Mas não era uma pessoa... Era um robô! E alguns minutos depois, já sob a improvável segurança dos bancos de espera, no meu portão de embarque, pude conferir com mais atenção qual era a função daquele frigobar sorridente.

Era um simpático robozinho a passear de um lado para o outro, abordando as pessoas e oferecendo sua tela em forma de rosto, onde uma discreta interface exibia uma série de auxílios e, dessa forma, aliviar dos ombros humanos o tedioso fardo de correr pelas necessidades alheias dos muitos passageiros que por ali transitavam.

Cheguei a pensar que não teria sido ruim se ele se encarregasse de levar minhas malas, mas logo suspeitei de que as tarefas que o intrépido androide oferecia eram escassas demais para dar conta da bagagem dos preguiçosos. Limitava-se a consultas em sua alegre tela dos horários dos próximos voos, um mapa instrutivo para localização dos serviços no interior do recinto, informações sobre transportes coletivos, previsão do tempo e esclarecimentos sobre o funcionamento do aeroporto.

No entanto, mesmo carente de sofisticados recursos, aquele fliperama com rodas, passeando no meio do salão, fez com que eu me sentisse inserido numa realidade insólita de ficção científica, bem ao estilo Isaac Asimov.

Se um singelo robozinho com uma tela limitada de expressão, abordando pessoas sem a necessidade da supervisão humana, já me causou estupefação, o que dizer então do fabuloso Eugene? A primeira máquina na história da inteligência artificial a passar no teste de Turing...

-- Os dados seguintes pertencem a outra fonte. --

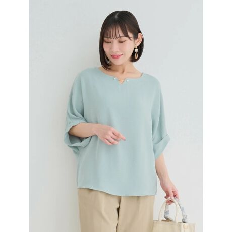 【接触冷感】パールアクセサリー付きドルマンントップス

O computador batizado de Eugene foi criado pelos programadores Vladimir Veselov, Eugene Demchenko e Sergey Ulasen. O teste de Turing é constituído por um júri preparado para verificar as habilidades da inteligência artificial. Eugene deveria imitar um adolescente com tal perfeição que os juízes não pudessem perceber que estavam falando com uma máquina. E o próspero Eugene conseguiu convencer nada menos que 33% dos jurados, um feito inédito.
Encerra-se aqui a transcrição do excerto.